This logic calculates how much a campaign has spent so far in the current calendar month and compares it to the expected spend for the same period. It helps monitor whether a campaign is pacing correctly within a single month, regardless of its total flight duration.
This approach is especially useful for monthly reporting cycles and identifying short-term over- or under-delivery.
Please see below for benefits and implementation steps.
Tracks in-month performance against budget expectations.
Enables timely adjustments for campaigns with monthly goals.
Useful for monthly reporting and billing alignment.
Easy to interpret and present in client-facing dashboards.
Navigate to Data in the left navigation then choose Calculation and press the + button to create a new calculated field.
You will need to create the following fields:
Current Month Spend
Current Month Expected Spend
Current Month Pacing (%)
Use the following logic in calculated fields:
Current Month Pacing (%)
(Current_Month_Spend / Current_Month_Expected_Spend) * 100
*Ensure that “Per_Day_Budget” is already calculated as:
Budget / (Stop_Date - Start_Date + 1)
Current Month Spend
IF Date >= FIRST_DAY(CURRENT_DATE()) THEN Spend ELSE 0
Current Month Expected Spend
IF Stop_Date >= CURRENT_DATE()
THEN (CURRENT_DATE() - FIRST_DAY(CURRENT_DATE())) * Per_Day_Budget
ELSE (Stop_Date - FIRST_DAY(CURRENT_DATE()) + 1) * Per_Day_Budget
Test the calculations and save each one by pressing the button at the bottom of the page.

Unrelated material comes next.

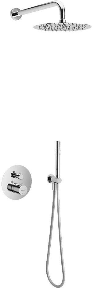 EXCELLENT Pi zestaw prysznicowo-wannowy termostatyczny Podtynkowy, termostatyczny system prysznicowo-wannowy EXCELLENT Pi z baterią podtynkową, deszczownicą i słuchawką, wyposażony w niezbędne akcesoria. Najważniejsze cechy produktu nowoczesny zestaw prysznicowo-wannowy przeznaczony do montażu podtynkowego ergonomiczna bateria termostatyczna z przełącznikiem mechanicznym umożliwiającym wybór jednego z trzech odbiorników wody wyposażona w ceramiczną, termostatyczną głowicę Vernet, pozwalającą na precyzyjne ustawienie wybranej temperatury wody 1-funkcyjna, okrągła deszczownica o wymiarach Ø 250 mm wyposażona wsystem Pure-Calc, czyli silikonowe wypustki, które zapobiegają osadzaniu się kamienia i ułatwiają czyszczenie ramię do deszczownicy o długości 40 cm, przeznaczone do montażu ściennego funkcjonalna słuchawka prysznicowa wraz z uchwytem oraz przyłączem wody ergonomiczny wąż prysznicowy o długości 150 cm bateria wyposażona w element podtynkowy Fix-box, zapewniający szybki i stabilny montaż oraz umożliwiający stały dostęp rewizyjny do mechanizmu baterii armatura wykonana z trwałego i wytrzymałego mosiądzu chromowa powłoka zapewniająca połysk i ochronę armatury przed korozją ciśnienie wody regulowane jest za pomocą uchwytu przełącznika minimalistyczny design uniwersalny dla każdego wnętrza Specyfikacja techniczna produktu Identyfikator produktu: 29701 Seria: Pi Nr katalogowy: AREX.SET.1248CR Rodzaj montażu: podtynkowy Rodzaj zestawu podtynkowego: wannowy, prysznicowy Rodzaj przyłączy: G 1/2" Kształt deszczownicy/dyszy: okrągła Rodzaj słuchawki: jednostrumieniowa Rodzaj zestawu prysznicowego: punktowy Zestaw natryskowy: tak Bateria w komplecie: tak Wymiary rozety: Ø180 mm Wymiary słuchawki: Ø 25x188 mm Długość węża: 1500 mm Zasięg ramienia: 400 Rozmiar deszczownicy: Ø 250 mm Materiał wykonania armatury: mosiądz Wykończenie armatury: chrom Sterowanie: osobna dźwignia Rodzaj głowicy: termostatyczna, ceramiczna Zastosowane rozwiązania technologiczne: system Pure-Calc, system Fix-box Ilość obsługiwanych odbiorników: 3 Stylistyka: nowoczesna

Add the new calculation dimension to your dashboard widgets and reports.
There is often more than one way to solve a problem in the Tapclicks platform, so it's important to consider how each one could impact the performance of your instance. Here are some key points to keep in mind:
Advanced calculations: While powerful, advanced calculations can slow performance with large datasets. Use simpler calculations when possible and reserve advanced ones for when necessary to maintain efficiency.
Limit CASE statements: Keep CASE statements to 10 branches or fewer. Larger ones can slow processing, so simplify or break them into smaller segments for better performance.
Data lookups for large conditions: For complex conditions, consider using data lookups from external sources like Google Sheets to simplify logic and improve performance.